Unlike the terms and conditions associated with majority of high street bank accounts you’re not forced to switch across your direct debits when you open a TSB Plus account.
You are permitted to have a maximum of two accounts – this combined with the non-requirement of direct debits sets the loophole alarm bells ringing – potentially TSB could see an influx of consumers opening two TSB Classic Plus accounts and earing 5% on a combined £4,000 balance, viewing it as an alternative to poor paying instant access savings accounts.
Perhaps this is part of TSB’s thinking – it realises it will draw in a raft of new custom which then gives it an opportunity to woo these particular account openers with top notch customer service thus encouraging them to put down sticks as long term current account customers – direct debits and all?
The remaining features of the TSB Classic Plus have been inherited from the old Lloyds current account tariff which is expensive when it comes to overdrafts or using your debit card overseas.
Overdraft interest is charged at 19.94% as well as a monthly £6 charge for using an authorised overdraft – plus the buffer is only £10 – leaving little room for error before the charges kick in.
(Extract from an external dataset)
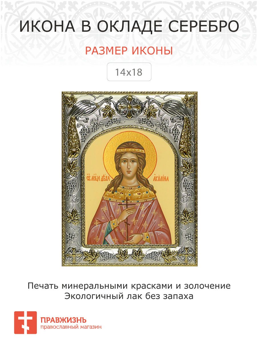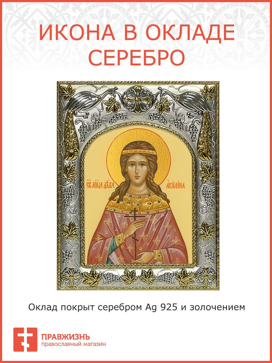 Иконография Акилины представляет её юной девушкой, облаченной в традиционные одежды, часто с крестом в руке, символизирующим её мученический подвиг. Взгляд её исполнен кротости и смирения, но в то же время отражает непоколебимую веру. Икона Акилины является символом стойкости в вере, чистоты и преданности Христу.

By contrast the new M&S account announced last week comes with a far more palatable leeway of £100.
If you use the debit card for purchases overseas, not only will you pay 2.99% non-sterling transaction fee on all purchases and cash advances, you’ll also get stung by the £1 non-sterling fee for each and every card purchase made abroad.
In summary – the credit interest element is quite generous particularly as it not a short term introductory offer and the low monthly funding requirement makes it more widely accessible.
However it’s almost as if the account revamp process is only half complete as it still maintains the uncompetitive baggage from the old Lloyds era meaning that unlike M&S Bank this account is less of an all-rounder and not one I’d plump for if you want a cheap overdraft or low cost debit card transactions when holidaying abroad.